DATA TO EXAMINE >>
┄┄┄┄┄┄┄┄┄┄
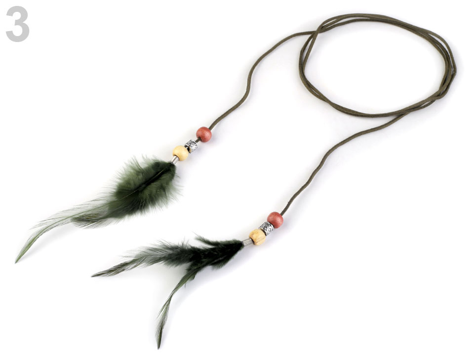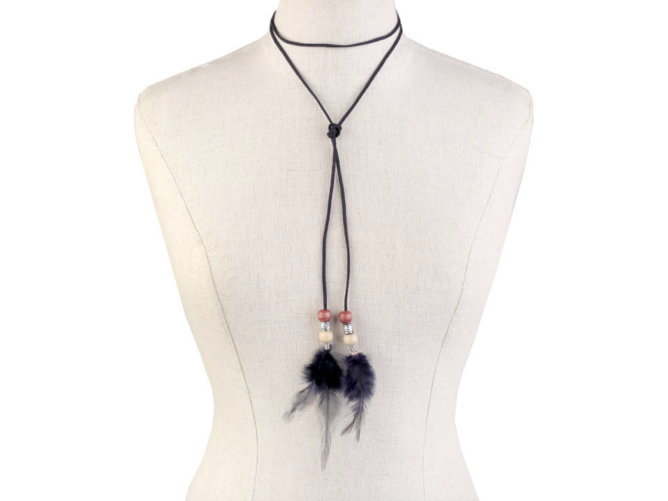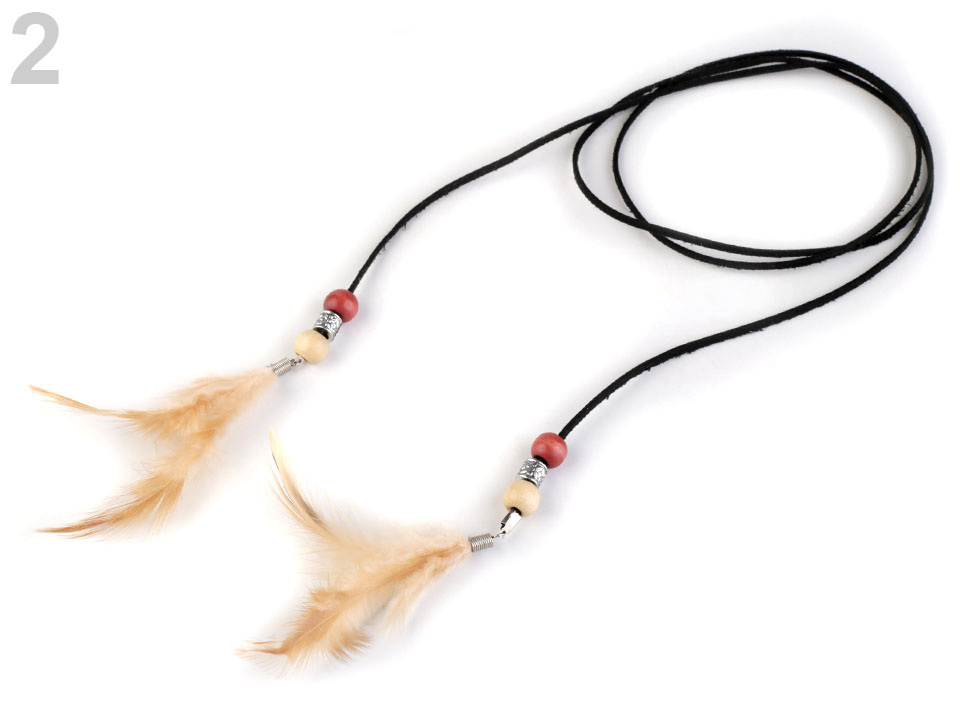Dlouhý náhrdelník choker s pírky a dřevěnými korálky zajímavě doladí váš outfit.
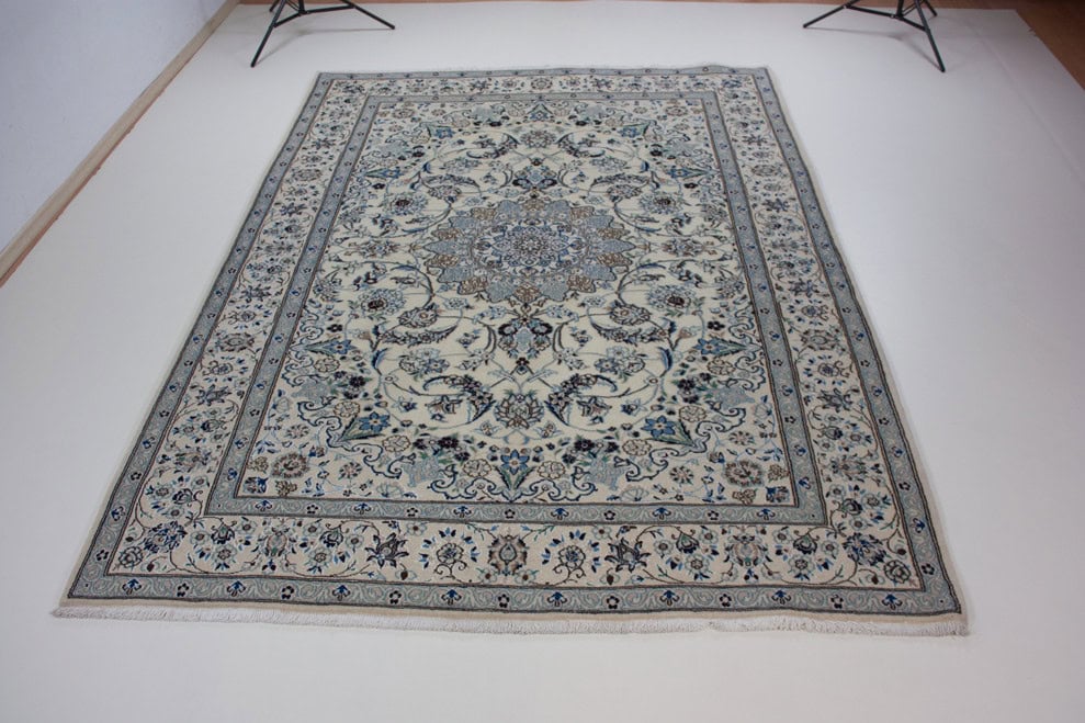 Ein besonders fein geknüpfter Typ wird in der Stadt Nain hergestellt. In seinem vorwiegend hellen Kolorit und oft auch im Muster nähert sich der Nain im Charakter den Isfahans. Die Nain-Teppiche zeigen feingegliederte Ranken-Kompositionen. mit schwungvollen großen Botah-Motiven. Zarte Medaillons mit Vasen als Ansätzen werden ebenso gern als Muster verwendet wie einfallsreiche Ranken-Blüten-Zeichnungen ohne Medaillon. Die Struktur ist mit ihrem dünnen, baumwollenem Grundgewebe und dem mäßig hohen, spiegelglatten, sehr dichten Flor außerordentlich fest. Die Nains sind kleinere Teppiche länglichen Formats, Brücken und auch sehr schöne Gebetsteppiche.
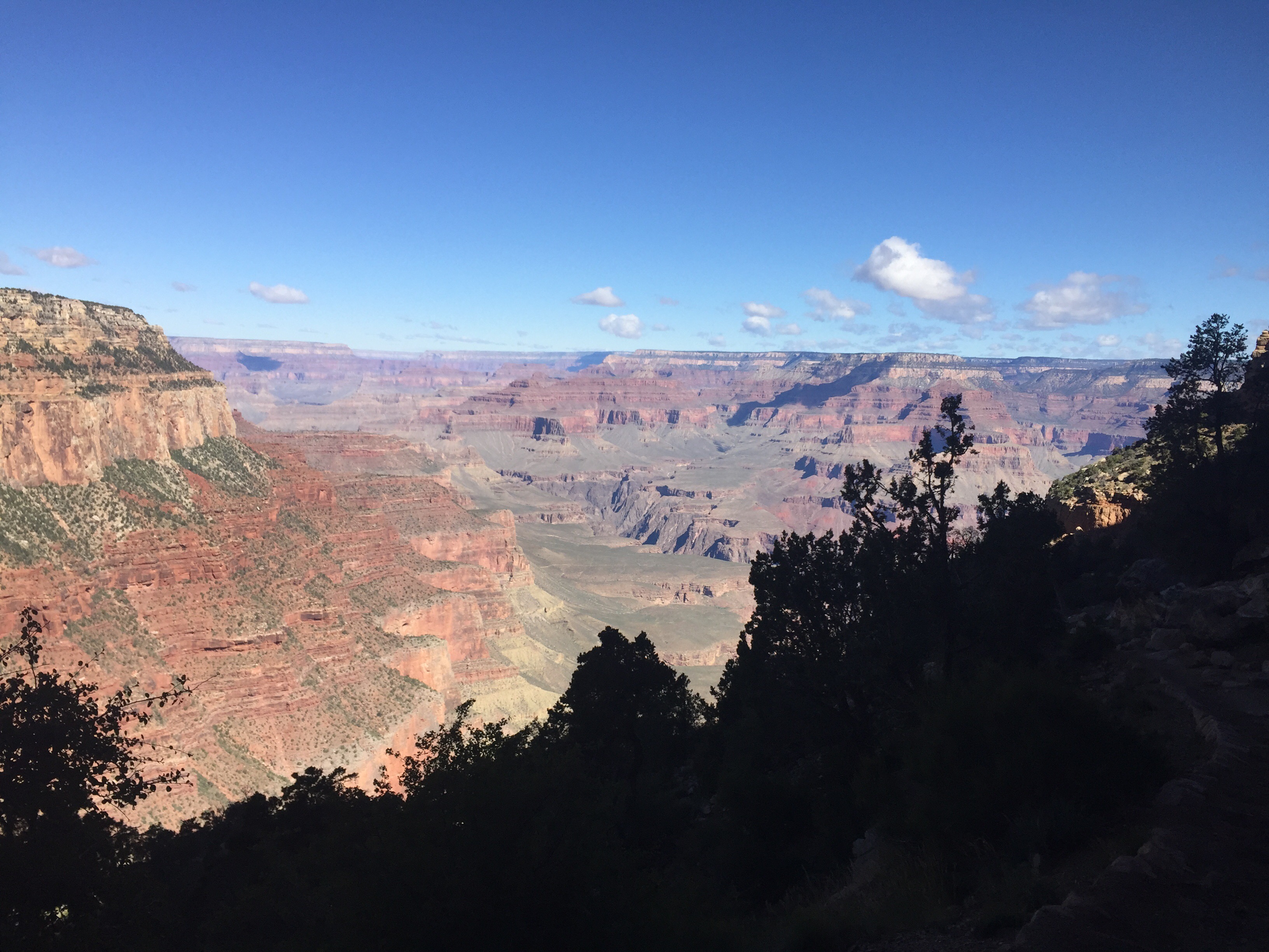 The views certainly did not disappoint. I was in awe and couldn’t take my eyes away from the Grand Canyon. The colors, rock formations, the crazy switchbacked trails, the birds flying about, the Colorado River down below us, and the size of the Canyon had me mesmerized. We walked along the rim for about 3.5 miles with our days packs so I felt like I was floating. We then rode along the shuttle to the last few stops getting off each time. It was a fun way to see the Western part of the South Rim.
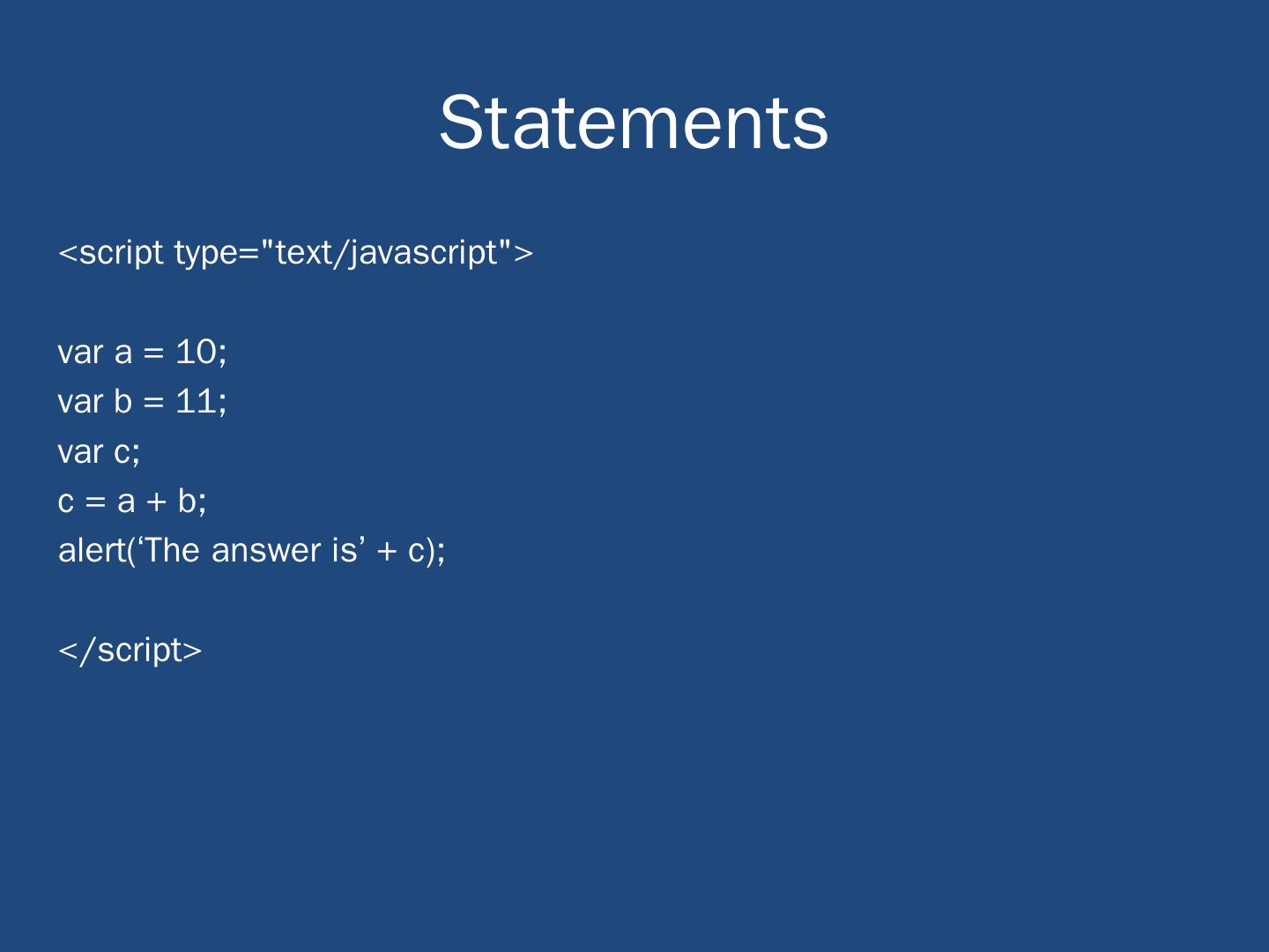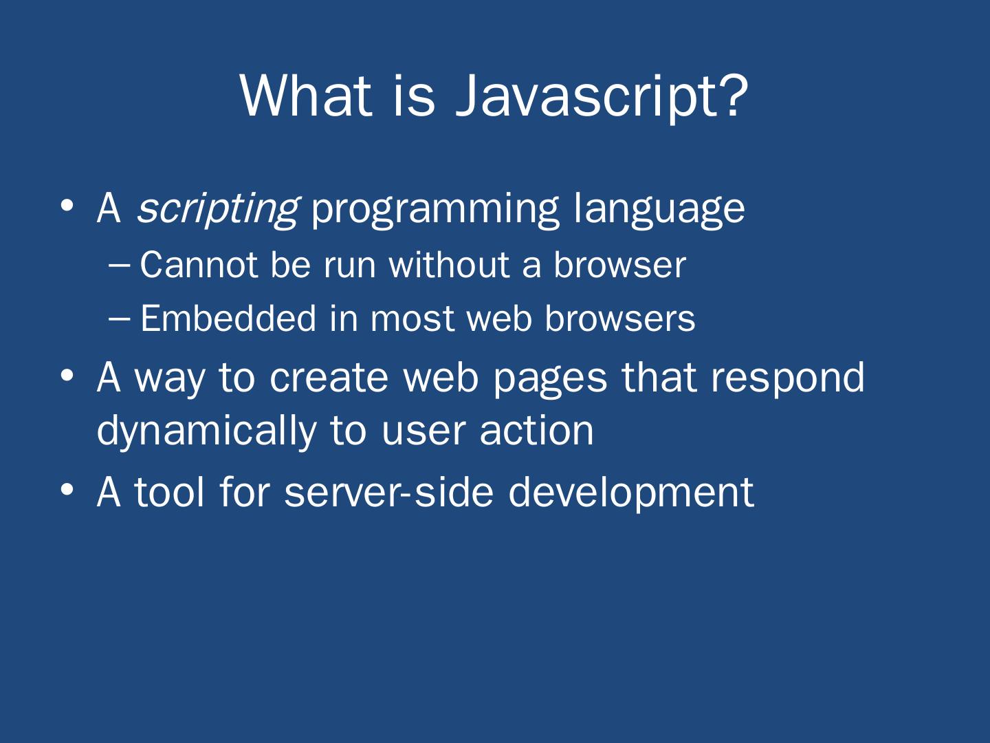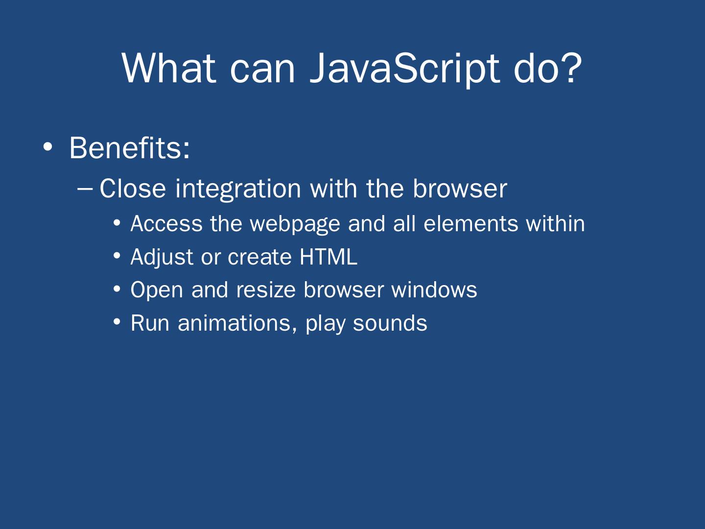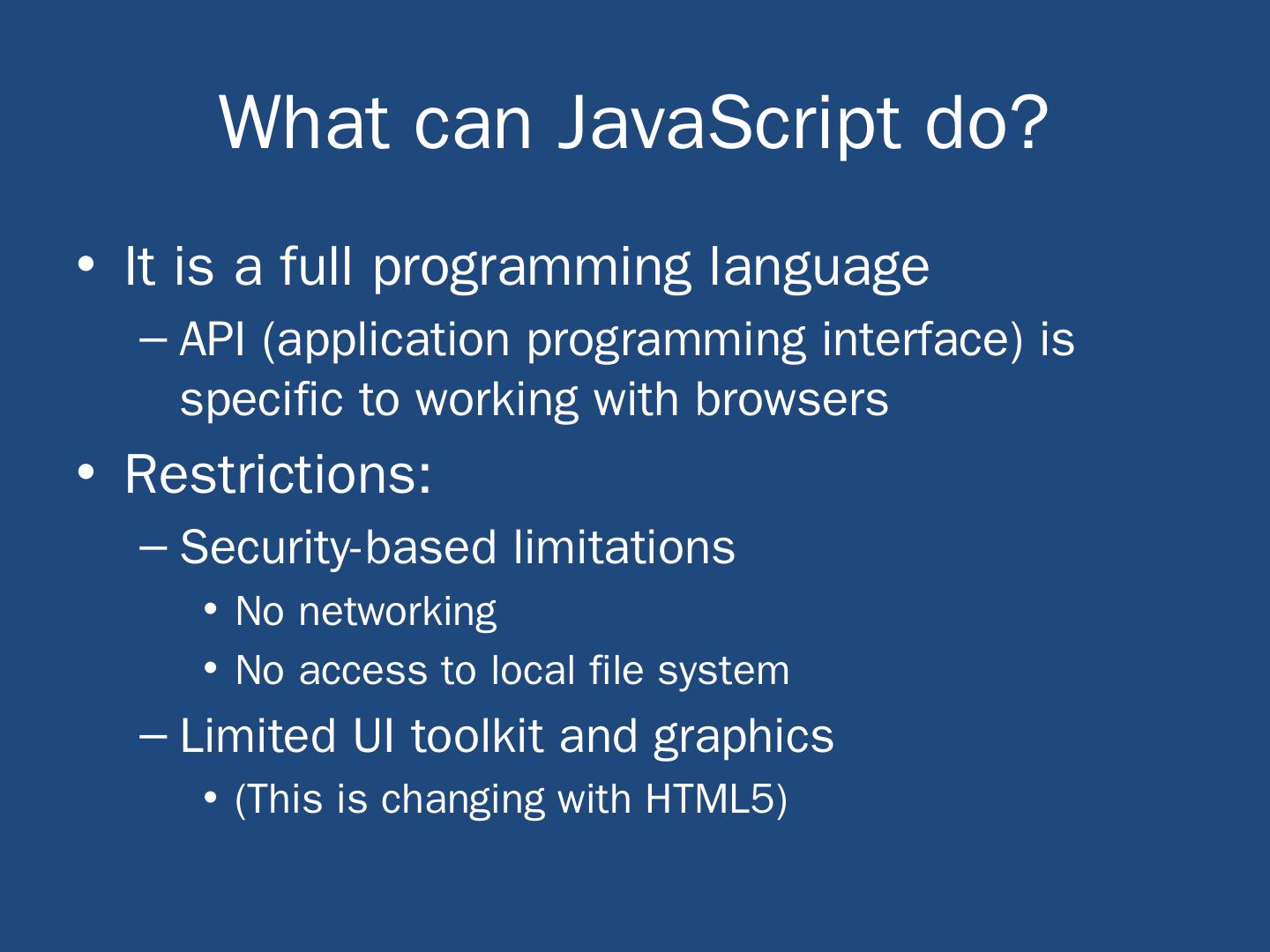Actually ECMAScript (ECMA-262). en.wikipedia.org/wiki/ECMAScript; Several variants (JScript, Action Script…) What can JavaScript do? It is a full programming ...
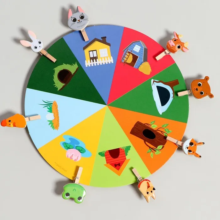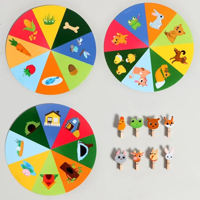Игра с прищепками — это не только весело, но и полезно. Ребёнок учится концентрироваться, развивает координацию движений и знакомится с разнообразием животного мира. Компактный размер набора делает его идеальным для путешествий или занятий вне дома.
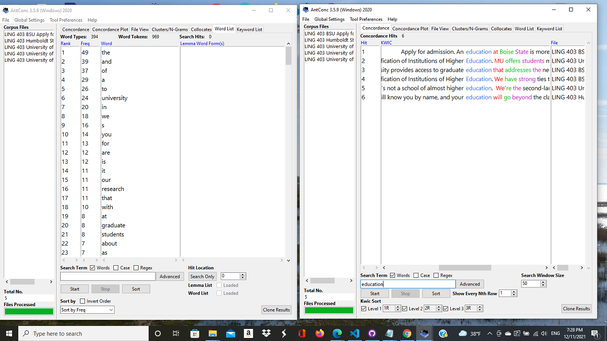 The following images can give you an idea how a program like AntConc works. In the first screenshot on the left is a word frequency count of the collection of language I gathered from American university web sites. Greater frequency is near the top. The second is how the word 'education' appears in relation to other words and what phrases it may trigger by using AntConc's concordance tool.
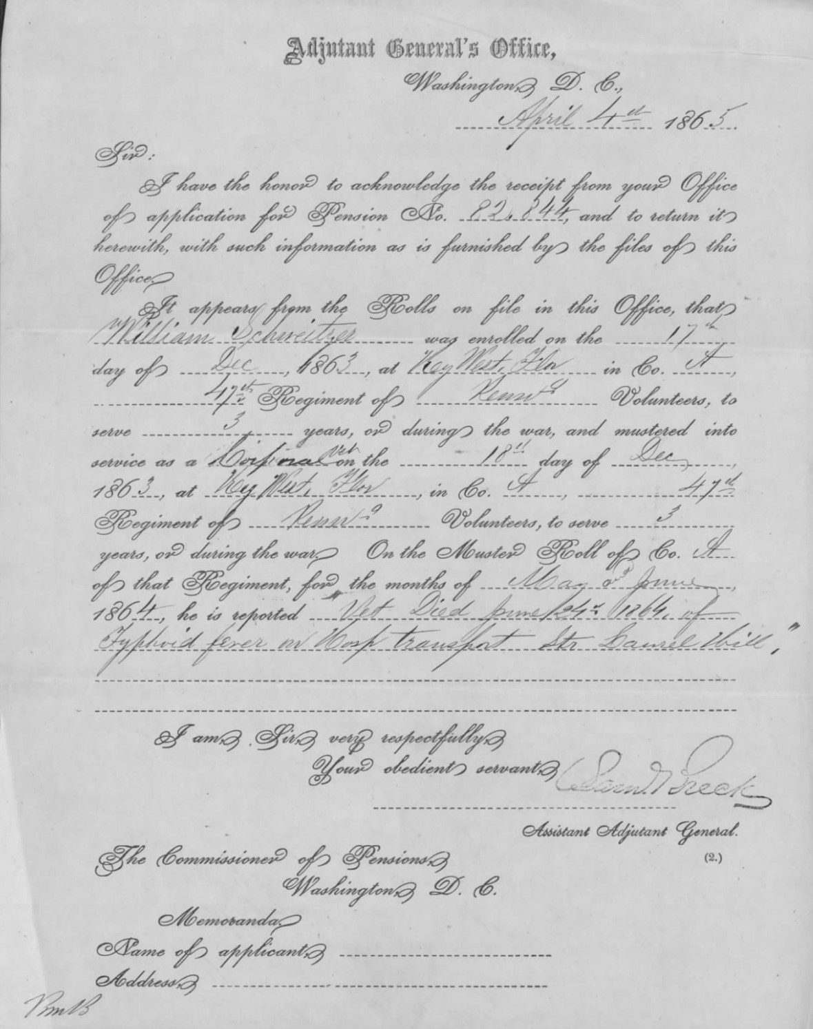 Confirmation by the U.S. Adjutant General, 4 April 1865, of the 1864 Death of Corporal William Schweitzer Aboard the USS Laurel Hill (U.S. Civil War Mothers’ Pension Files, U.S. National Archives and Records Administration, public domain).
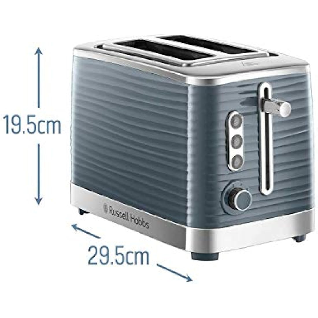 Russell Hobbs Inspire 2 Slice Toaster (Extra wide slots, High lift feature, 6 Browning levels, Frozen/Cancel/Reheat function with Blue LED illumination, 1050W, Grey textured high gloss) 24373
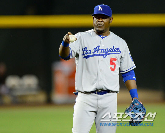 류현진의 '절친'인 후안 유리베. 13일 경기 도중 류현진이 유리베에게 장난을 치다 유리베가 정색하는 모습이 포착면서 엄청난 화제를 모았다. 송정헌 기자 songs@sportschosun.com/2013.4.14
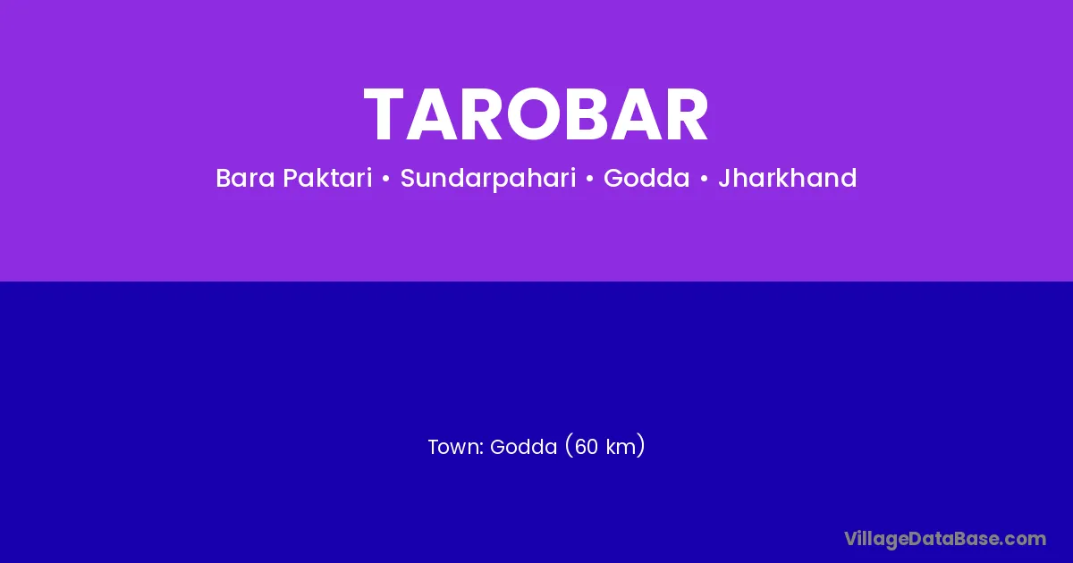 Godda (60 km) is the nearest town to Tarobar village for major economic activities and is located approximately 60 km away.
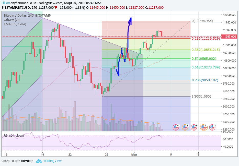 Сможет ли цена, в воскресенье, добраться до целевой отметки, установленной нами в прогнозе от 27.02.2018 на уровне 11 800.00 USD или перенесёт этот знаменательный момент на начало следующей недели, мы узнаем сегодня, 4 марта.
┄┄┄┄┄┄┄┄┄┄
THE PROBLEM >> A verbatim copy of the listing, with all pictures removed, is required.

SOLUTION TO THE EXERCISE >>
Dlouhý náhrdelník choker s pírky a dřevěnými korálky zajímavě doladí váš outfit.
 Ein besonders fein geknüpfter Typ wird in der Stadt Nain hergestellt. In seinem vorwiegend hellen Kolorit und oft auch im Muster nähert sich der Nain im Charakter den Isfahans. Die Nain-Teppiche zeigen feingegliederte Ranken-Kompositionen. mit schwungvollen großen Botah-Motiven. Zarte Medaillons mit Vasen als Ansätzen werden ebenso gern als Muster verwendet wie einfallsreiche Ranken-Blüten-Zeichnungen ohne Medaillon. Die Struktur ist mit ihrem dünnen, baumwollenem Grundgewebe und dem mäßig hohen, spiegelglatten, sehr dichten Flor außerordentlich fest. Die Nains sind kleinere Teppiche länglichen Formats, Brücken und auch sehr schöne Gebetsteppiche.
 The views certainly did not disappoint. I was in awe and couldn’t take my eyes away from the Grand Canyon. The colors, rock formations, the crazy switchbacked trails, the birds flying about, the Colorado River down below us, and the size of the Canyon had me mesmerized. We walked along the rim for about 3.5 miles with our days packs so I felt like I was floating. We then rode along the shuttle to the last few stops getting off each time. It was a fun way to see the Western part of the South Rim.
Actually ECMAScript (ECMA-262). en.wikipedia.org/wiki/ECMAScript; Several variants (JScript, Action Script…) What can JavaScript do? It is a full programming ...
Игра с прищепками — это не только весело, но и полезно. Ребёнок учится концентрироваться, развивает координацию движений и знакомится с разнообразием животного мира. Компактный размер набора делает его идеальным для путешествий или занятий вне дома.
 The following images can give you an idea how a program like AntConc works. In the first screenshot on the left is a word frequency count of the collection of language I gathered from American university web sites. Greater frequency is near the top. The second is how the word 'education' appears in relation to other words and what phrases it may trigger by using AntConc's concordance tool.
 Confirmation by the U.S. Adjutant General, 4 April 1865, of the 1864 Death of Corporal William Schweitzer Aboard the USS Laurel Hill (U.S. Civil War Mothers’ Pension Files, U.S. National Archives and Records Administration, public domain).
 Russell Hobbs Inspire 2 Slice Toaster (Extra wide slots, High lift feature, 6 Browning levels, Frozen/Cancel/Reheat function with Blue LED illumination, 1050W, Grey textured high gloss) 24373
 류현진의 '절친'인 후안 유리베. 13일 경기 도중 류현진이 유리베에게 장난을 치다 유리베가 정색하는 모습이 포착면서 엄청난 화제를 모았다. 송정헌 기자 songs@sportschosun.com/2013.4.14
 Godda (60 km) is the nearest town to Tarobar village for major economic activities and is located approximately 60 km away.
 Сможет ли цена, в воскресенье, добраться до целевой отметки, установленной нами в прогнозе от 27.02.2018 на уровне 11 800.00 USD или перенесёт этот знаменательный момент на начало следующей недели, мы узнаем сегодня, 4 марта.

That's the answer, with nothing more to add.